**PROBLEM DETAILS:**
The reply is to be an exact repetition of the entries that follow, with each picture left out.

Dataset items:
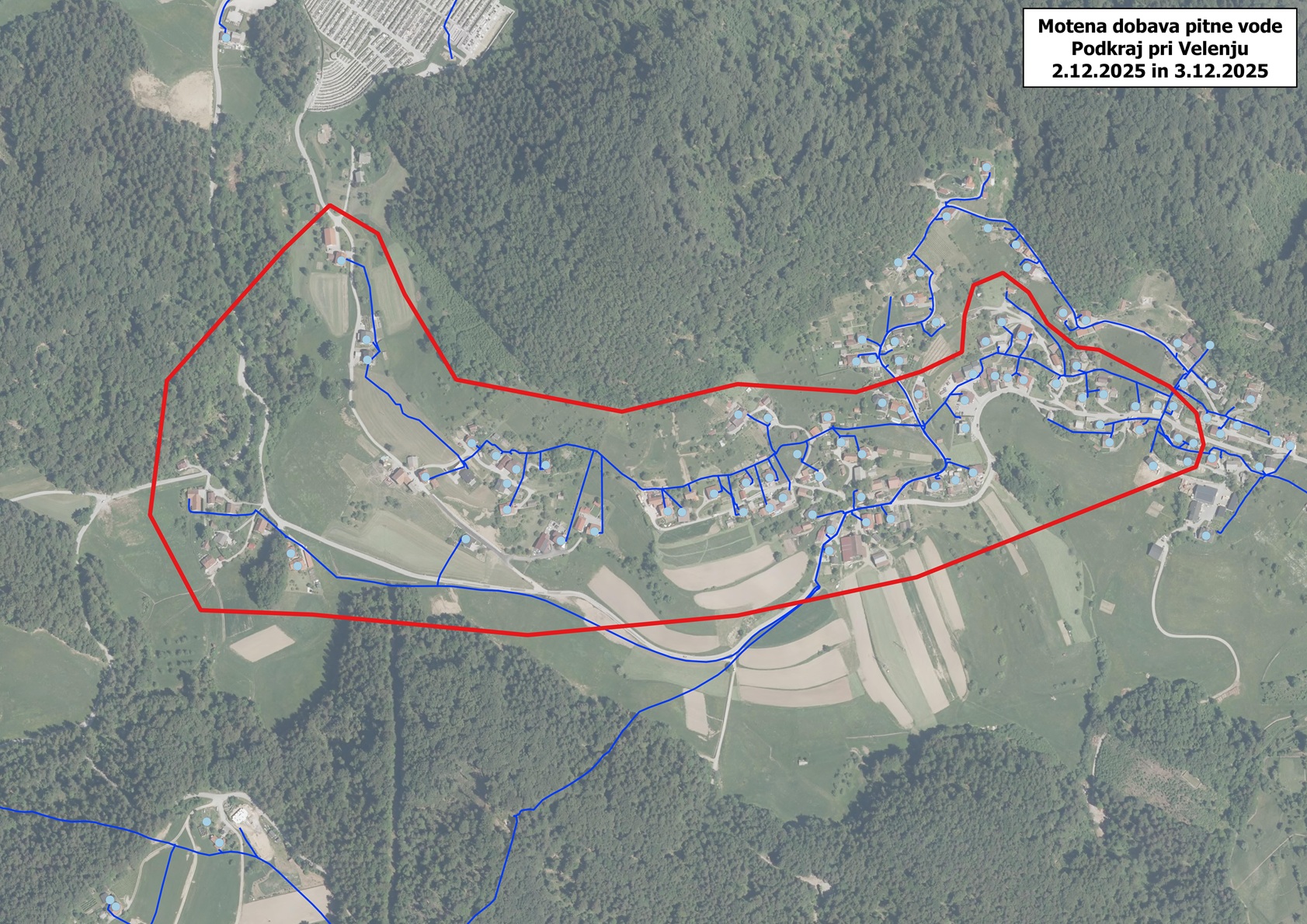 Komunalno podjetje Velenje obvešča uporabnike v naselju Podkraj pri Velenju, da bo v delu naselja, označenem na sliki spodaj, v torek in v sredo, 3. in 4. decembra, med 8. in 15. uro prekinjena oziroma motena dobava pitne vode zaradi nujnih vzdrževalnih del na javnem vodovodu.
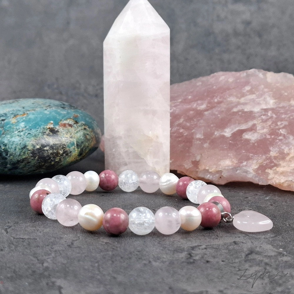 Ásvány karkötő rózsakvarc szív medállal és gyönyörű édesvizi tenyésztett gyönggyel.
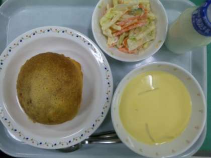 今回チャレンジしたのは豆乳のスープ。無調整のものを使用しましたが、なかなか味を付けるのに苦労しました。まず鳥ガラスープを取るのに3時間。南瓜や玉葱などの野菜からでる旨味を利用して、コトコトさらに煮込むこと1時間。「よし出来た。お味はどうかな?」完成したスープの味を見てみると…「あれっ?うすい!!」だしの旨味があまり出なかったようです。食べ終わった子供たちの評価もやや辛口。これは改善の余地があります。すぐさま調理員と反省会を開きました。結果、だしの取り方や具材の量など課題がいくつかあがりました。
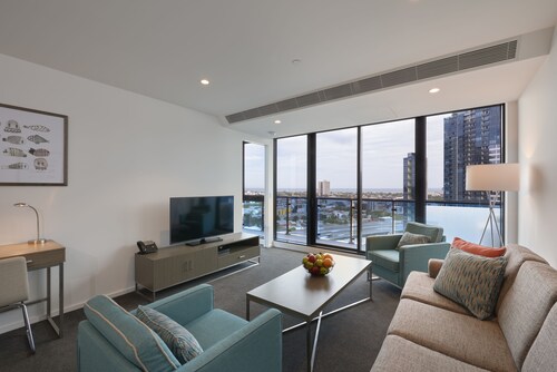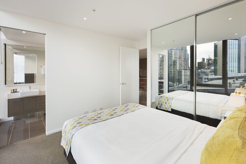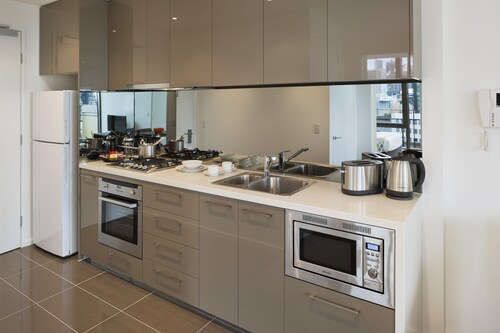 メルボルン セントラル ビジネス ディストリクトに位置するこのアパートメントは、サウスバンク プロムナードおよびクラウンカジノ & 娯楽施設から徒歩 10 分圏内です。コリンズ ストリートおよびフェデレーション スクエアも 2 km 圏内です。フリンダース ストリート駅まで徒歩 13 分、フラッグスタッフ駅まで徒歩 22 分です。 このアパートメントには、屋内プール、フィットネスセンター、および面の屋外テニスコートがあります。共用エリアでの WiFiは無料です。 その他の設備には、セルフパーキング (有料)、コンシェルジュ サービス、およびドライクリーニングがあります。 各アパートメントでは、冷蔵庫とオーブン、コンロ、電子レンジが備わったキッチンをご利用いただけます。便利な洗濯機 / 乾燥機とリビング ルームをご利用いただけるほか、デジタル放送付き液晶テレビ、DVD プレーヤーでエンターテインメントをお楽しみいただけます。週に 1 回ハウスキーピングが行われます。
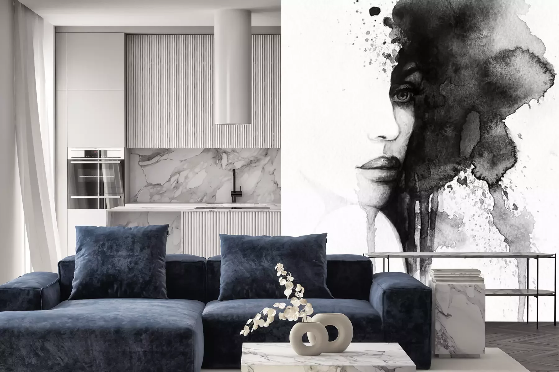 Het materiaal Premium is een glad vinyl op vlies, dat bestand is tegen uitrekken en vervorming. Het is dampdoorlatend – de muren kunnen vrij ademen – waardoor het geschikt is voor gebruik in de keuken en badkamer. Bij vervuiling kan het materiaal worden afgenomen met een vochtige doek. De maximale breedte van één baan bedraagt 95 of 105 cm, afhankelijk van de beschikbaarheid. Montage vindt plaats met de rand-aan-rand methode, wat een esthetisch resultaat zonder zichtbare naden oplevert. Omdat de lijm rechtstreeks op de muur wordt aangebracht, verloopt de installatie van het fotobehang snel en eenvoudig.
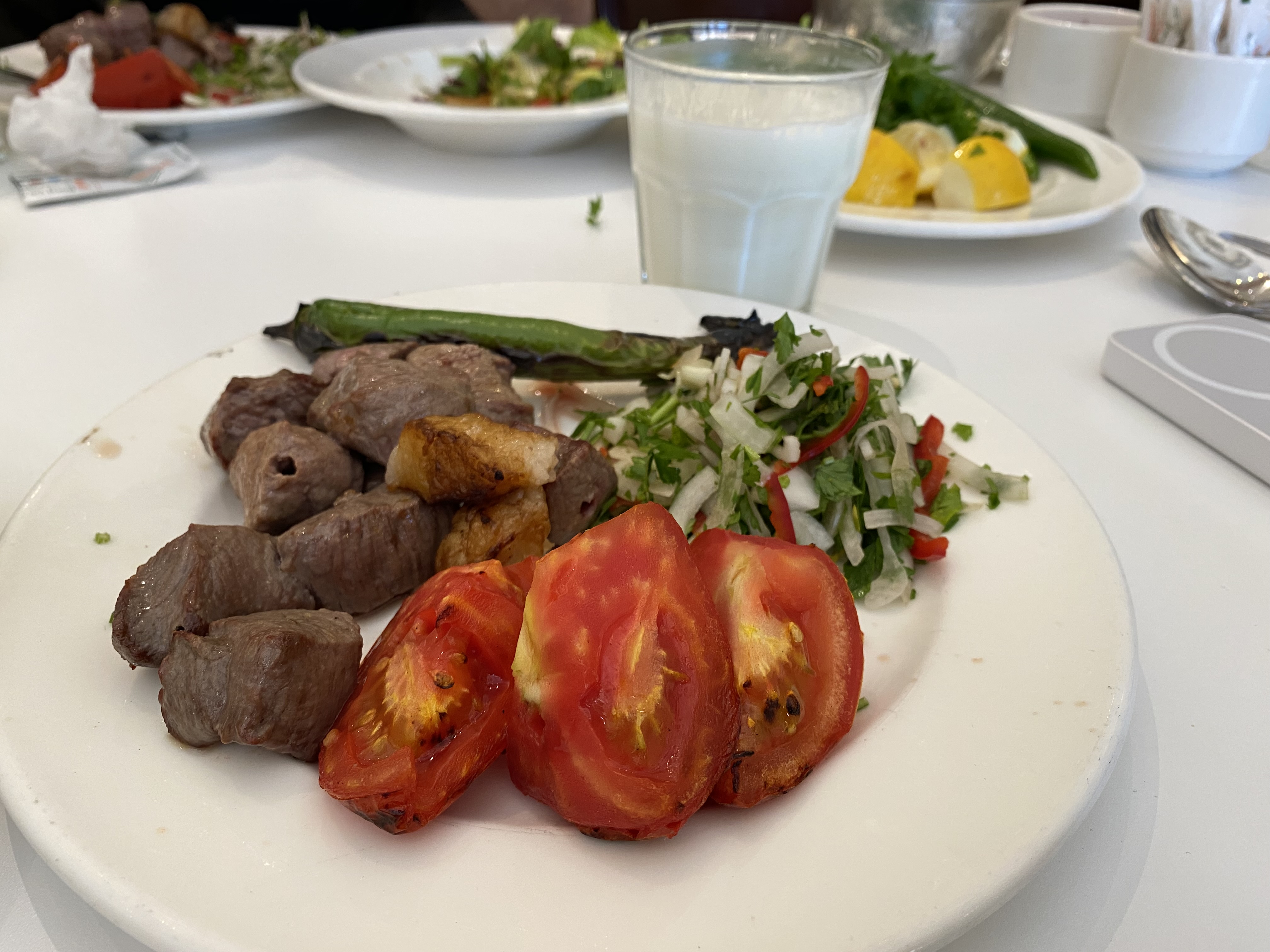 We started the meal with Lahmacun and continued with the famous küşleme. Küşleme is made from cubed meat as you know, but it is made from the softest part. Since it is cooked a little, you eat very soft meat.
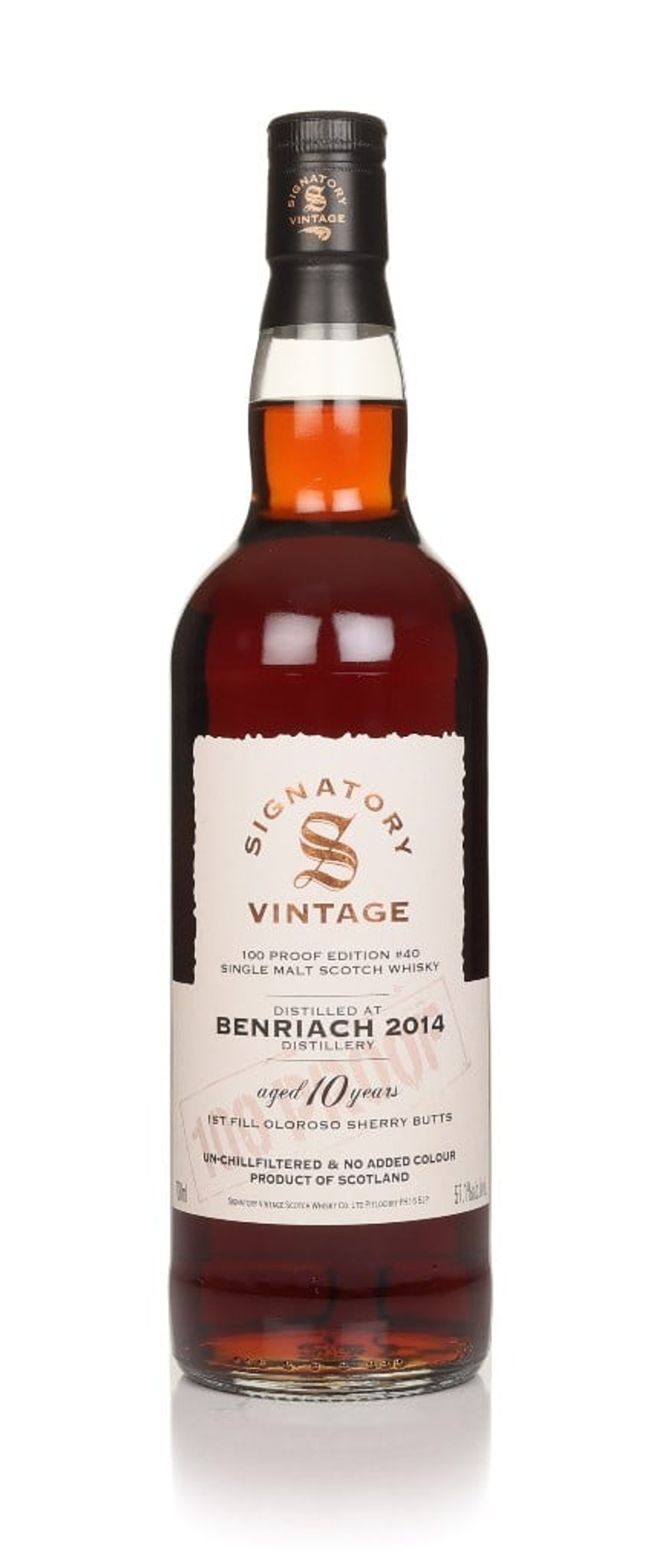 A sherry lover’s dream dram. This 10-year-old Speysider from Benriach has spent its life in first-fill oloroso butts, coaxing out rich layers of dried fruit and spice. Bottled at a hefty 57.1%, it’s part of Signatory’s revered 100 Proof range and absolutely demands attention.
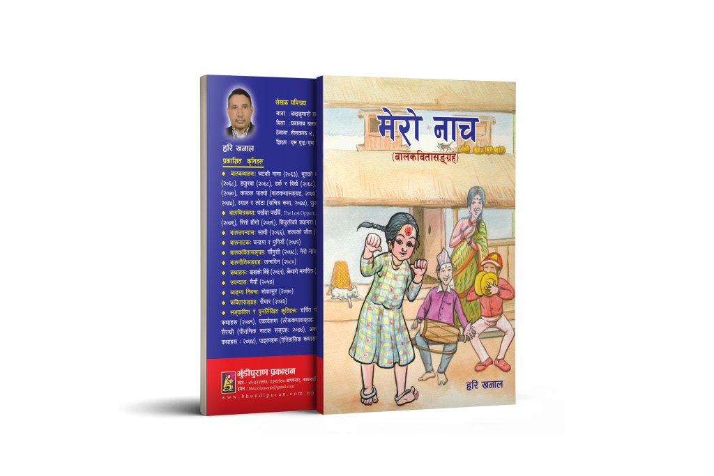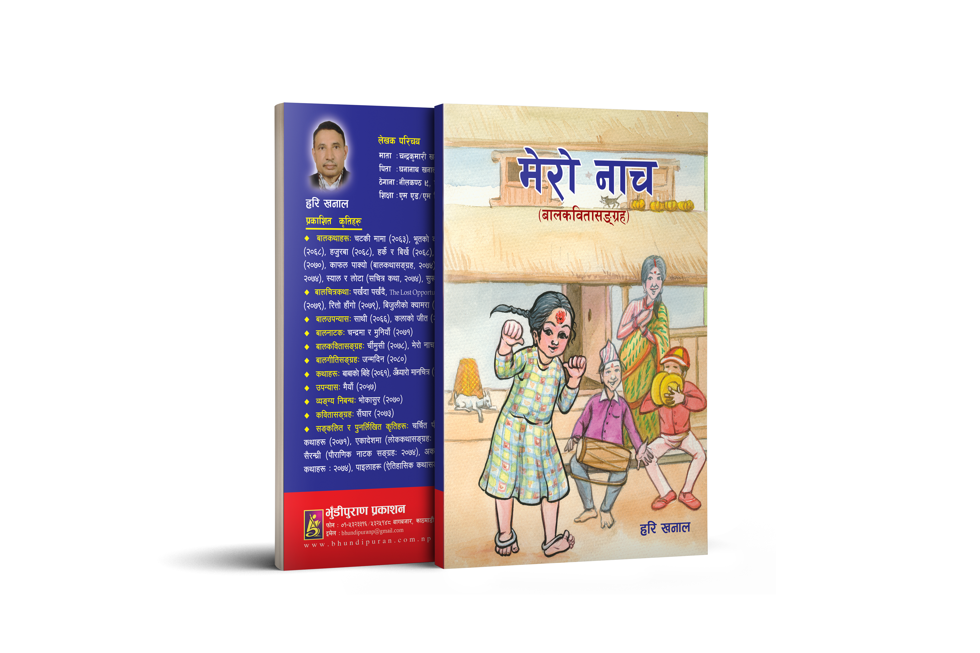 मेरो नाच (बालकवितासङ्ग्रह) मूल्य रु. १२०/- भुँडीपुराण प्रकाशनको “मेरो नाच” हरि खनालद्वारा तयार पारिएको बालकवितासङ्ग्रह हो ।यो कृति गीत नभएर कविता हो ।यसभित्र सात ओटा कविताहरू सानासाना भाइबहिनीका लागि हो ।बाँकी दुई कविताहरू क्रमशः ‘हिमाल’ र ‘सुन्दर संसार’ चाहिँ अलि ठूला बाबुनानीहरूका लागि उपयोगी हुनेछन् । Post navigation Previous Previous post: जन्मदिन (बालगीतिसङ्ग्रह)Next Next post: यथार्थवादी रचनादृष्टि र विवेचना
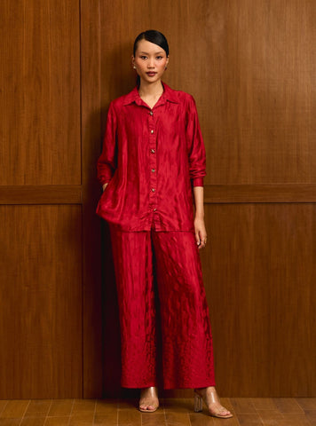 A relaxed shirt-and-pant set crafted in smooth cupro satin with a soft, fluid finish. The Santree silhouette is designed for ease, offering a clean structure that drapes comfortably on the body. The champagne tone keeps it understated yet occasion-appropriate, making it suitable for wedding events, festive evenings, and elevated day functions.
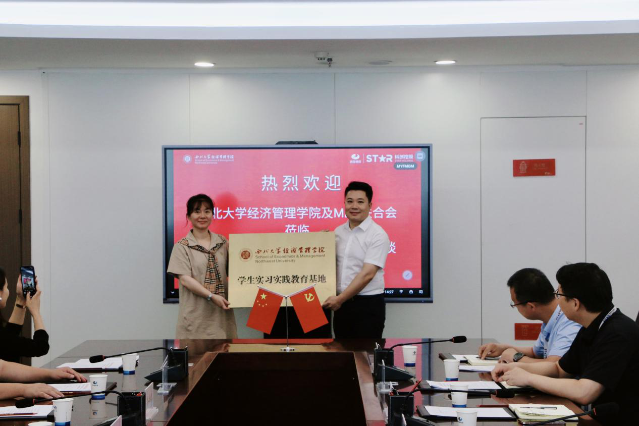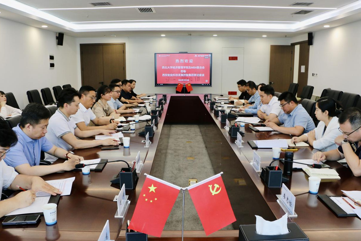 7月19日,776net必赢官网院长马莉莉、MBA/EDP中心主任郭亚军一行前往西安航投科创控股集团举行校企合作座谈暨776net必赢官网学生实习实践教育基地和西北大学MBA/EMBA教学实习基地揭牌仪式。西安航投科创控股集团执行董事辛昱辰、总经理顾元吉、各部门负责人,MBA/EDP中心和联合会师生代表共同参加了此次活动。
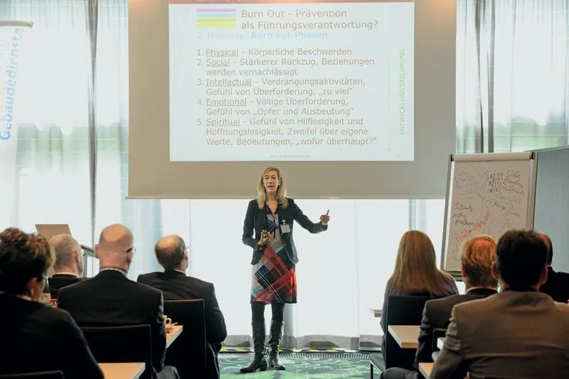 © Micha Wolfson/rationell reinigenEva Wieprecht (Beraterin und Trainerin) sprach über Burn-out-Prävention als Führungsverantwortung. -

**WRITTEN REPLY:**
 Komunalno podjetje Velenje obvešča uporabnike v naselju Podkraj pri Velenju, da bo v delu naselja, označenem na sliki spodaj, v torek in v sredo, 3. in 4. decembra, med 8. in 15. uro prekinjena oziroma motena dobava pitne vode zaradi nujnih vzdrževalnih del na javnem vodovodu.
 Ásvány karkötő rózsakvarc szív medállal és gyönyörű édesvizi tenyésztett gyönggyel.
 今回チャレンジしたのは豆乳のスープ。無調整のものを使用しましたが、なかなか味を付けるのに苦労しました。まず鳥ガラスープを取るのに3時間。南瓜や玉葱などの野菜からでる旨味を利用して、コトコトさらに煮込むこと1時間。「よし出来た。お味はどうかな?」完成したスープの味を見てみると…「あれっ?うすい!!」だしの旨味があまり出なかったようです。食べ終わった子供たちの評価もやや辛口。これは改善の余地があります。すぐさま調理員と反省会を開きました。結果、だしの取り方や具材の量など課題がいくつかあがりました。
 メルボルン セントラル ビジネス ディストリクトに位置するこのアパートメントは、サウスバンク プロムナードおよびクラウンカジノ & 娯楽施設から徒歩 10 分圏内です。コリンズ ストリートおよびフェデレーション スクエアも 2 km 圏内です。フリンダース ストリート駅まで徒歩 13 分、フラッグスタッフ駅まで徒歩 22 分です。 このアパートメントには、屋内プール、フィットネスセンター、および面の屋外テニスコートがあります。共用エリアでの WiFiは無料です。 その他の設備には、セルフパーキング (有料)、コンシェルジュ サービス、およびドライクリーニングがあります。 各アパートメントでは、冷蔵庫とオーブン、コンロ、電子レンジが備わったキッチンをご利用いただけます。便利な洗濯機 / 乾燥機とリビング ルームをご利用いただけるほか、デジタル放送付き液晶テレビ、DVD プレーヤーでエンターテインメントをお楽しみいただけます。週に 1 回ハウスキーピングが行われます。
 Het materiaal Premium is een glad vinyl op vlies, dat bestand is tegen uitrekken en vervorming. Het is dampdoorlatend – de muren kunnen vrij ademen – waardoor het geschikt is voor gebruik in de keuken en badkamer. Bij vervuiling kan het materiaal worden afgenomen met een vochtige doek. De maximale breedte van één baan bedraagt 95 of 105 cm, afhankelijk van de beschikbaarheid. Montage vindt plaats met de rand-aan-rand methode, wat een esthetisch resultaat zonder zichtbare naden oplevert. Omdat de lijm rechtstreeks op de muur wordt aangebracht, verloopt de installatie van het fotobehang snel en eenvoudig.
 We started the meal with Lahmacun and continued with the famous küşleme. Küşleme is made from cubed meat as you know, but it is made from the softest part. Since it is cooked a little, you eat very soft meat.
 A sherry lover’s dream dram. This 10-year-old Speysider from Benriach has spent its life in first-fill oloroso butts, coaxing out rich layers of dried fruit and spice. Bottled at a hefty 57.1%, it’s part of Signatory’s revered 100 Proof range and absolutely demands attention.
 मेरो नाच (बालकवितासङ्ग्रह) मूल्य रु. १२०/- भुँडीपुराण प्रकाशनको “मेरो नाच” हरि खनालद्वारा तयार पारिएको बालकवितासङ्ग्रह हो ।यो कृति गीत नभएर कविता हो ।यसभित्र सात ओटा कविताहरू सानासाना भाइबहिनीका लागि हो ।बाँकी दुई कविताहरू क्रमशः ‘हिमाल’ र ‘सुन्दर संसार’ चाहिँ अलि ठूला बाबुनानीहरूका लागि उपयोगी हुनेछन् । Post navigation Previous Previous post: जन्मदिन (बालगीतिसङ्ग्रह)Next Next post: यथार्थवादी रचनादृष्टि र विवेचना
 A relaxed shirt-and-pant set crafted in smooth cupro satin with a soft, fluid finish. The Santree silhouette is designed for ease, offering a clean structure that drapes comfortably on the body. The champagne tone keeps it understated yet occasion-appropriate, making it suitable for wedding events, festive evenings, and elevated day functions.
 7月19日,776net必赢官网院长马莉莉、MBA/EDP中心主任郭亚军一行前往西安航投科创控股集团举行校企合作座谈暨776net必赢官网学生实习实践教育基地和西北大学MBA/EMBA教学实习基地揭牌仪式。西安航投科创控股集团执行董事辛昱辰、总经理顾元吉、各部门负责人,MBA/EDP中心和联合会师生代表共同参加了此次活动。
 © Micha Wolfson/rationell reinigenEva Wieprecht (Beraterin und Trainerin) sprach über Burn-out-Prävention als Führungsverantwortung. -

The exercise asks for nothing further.